Periodi di lacrime e sangue. Bruxelles esigeva. Roma batteva i tacchi. Mentre Stampa e Repubblica lodavano l’inevitabile austerità. «Ce lo chiede l’Europa», ritmavano in coro progressisti e professori. Adesso, invece, non ci sono santi. La Stampa fa pelo e contropelo agli imperanti predoni, unici responsabili dello sfacelo. Crescono spesa privata e liste d’attesa. Guardie mediche in straordinario affanno. Coesione sociale a rischio. Insomma: urge adeguare i finanziamenti agli standard europei.
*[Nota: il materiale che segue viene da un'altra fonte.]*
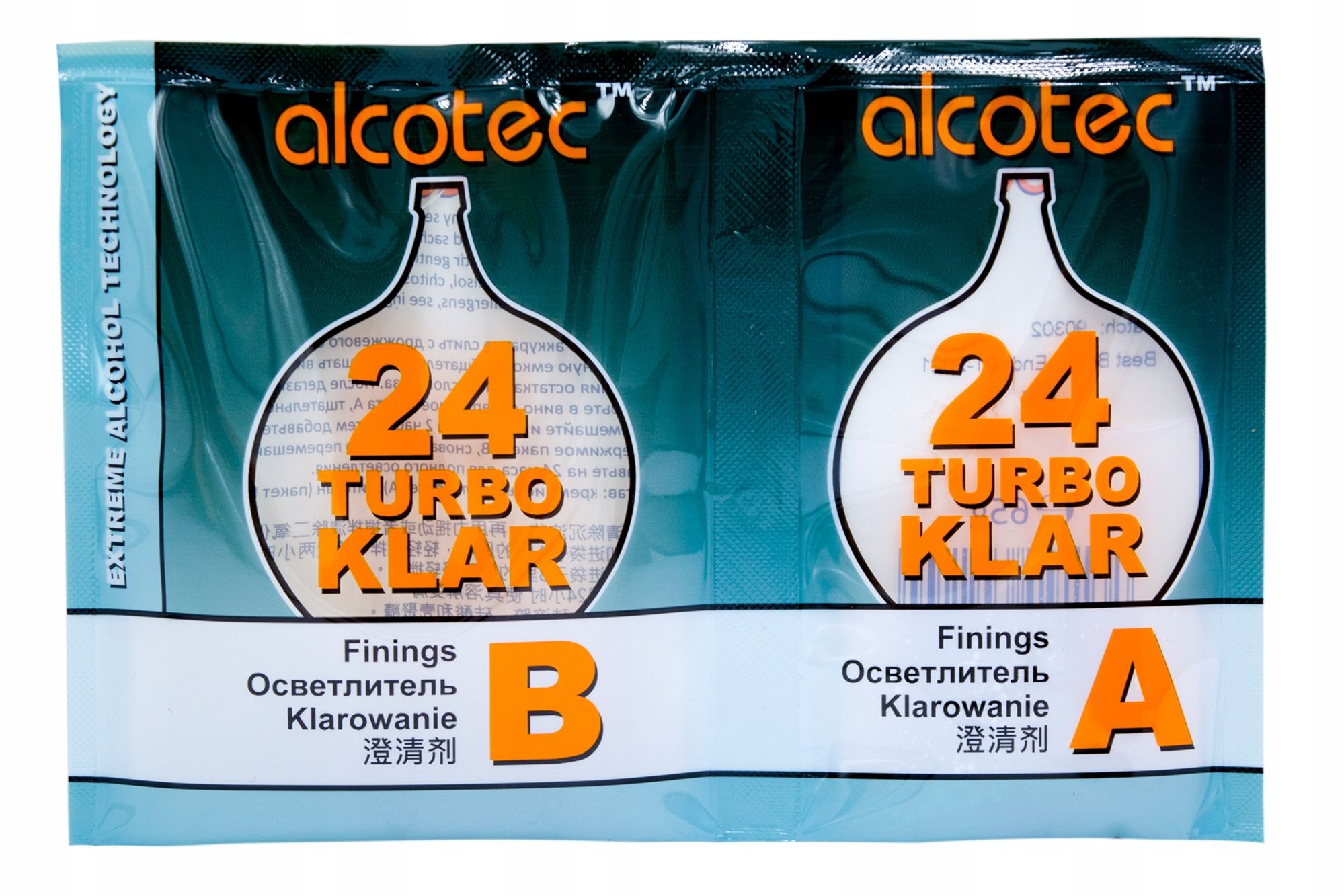 two-component fining agent for wine or turbo yeast wash. It will normally clear anything in 24 hours although some particularly difficult turbo yeast washes such as those from Alcotec 24, may require 48 hours.

E anche Repubblica non sente ragioni, appellandosi all’eterno proverbio napoletano: «Chi ha avuto ha avuto, chi ha dato ha dato, scurdammoce o’ passato». Parte dunque lancia in resta, prendendo spunto dalla raccolta di firme. Professoroni e cattedratici sollecitano un piano «straordinario di investimenti». La richiesta diventa un insuperabile pretesto. Le tinte fosche, sui due quotidiani, diventano color pece: «Ospedali a pezzi e attese infinite». L’Italia è «fanalino di coda nella spesa». Urlo di dolore schleiniano: «Non diventi un Paese per ricchi». Conseguente è l’editoriale a corredo, intitolato: «L’eguaglianza negata». Segue a pagina 25, dove osano solo gli affezionati. E lì, tra una stilettata e l’altra all’inumano esecutivo, si legge: «La sanità pubblica italiana ha conosciuto negli ultimi 15 anni un declino costante e accelerato, aggravato dalla pandemia che ha fatto esplodere anche una crisi di personale e formazione».
Oibò. Proprio gli irripetibili anni in cui Repubblica era controllata da Carlo De Benedetti, tessera numero uno del Pd. A marzo 2012, mentre Monti annuncia inesorabili economie, l’Ingegnere gongola: «Credo che il presidente della Repubblica abbia fatto un capolavoro politico nel riuscire a mettere il miglior primo ministro che ci sia». L’allora corazzata di largo Fochetti, d’altronde, aveva già salutato l’avvento del morigeratissimo messia con smodato tripudio: «Quasi otto italiani su dieci manifestano un giudizio positivo nei confronti del governo. Ma il consenso personale del nuovo presidente del Consiglio è ancora più ampio: 84%». Del resto, osserva il quotidiano il 20 novembre 2011, «è bastata una settimana perché il clima d’opinione svoltasse dalla depressione all’euforia». Un mese dopo, il professore in loden comincia a depauperare la sanità con il decreto «Salva Italia». Inaugurando una lunga epoca di sforbiciate, poi continuate con i tre esecutivi targati dem. 37 miliardi di tagli: 200 piccoli ospedali, 45.000 letti, 6 mila medici e 11.000 infermieri.
Solo adesso, però, Elly si ridesta. Imbambolata su tutto lo scibile politico, dalle guerre nel mondo all’alleanza con i grillini, non le rimane che riesumare l’arcinoto. Per carità: nessuno nega gli atavici ed enormi affanni del nostro sistema sanitario. Ma per addossarli all’attuale maggioranza serve rara audacia. Fortunatamente, a dare manforte, accorre la sempre amica stampa elkanniana: «Il governo uccide la sanità». Un’ardita operazione politico editoriale. È il ritorno dei giornali Jedi, contro il lato oscuro della forza. Peccato abbiano sbagliato galassia.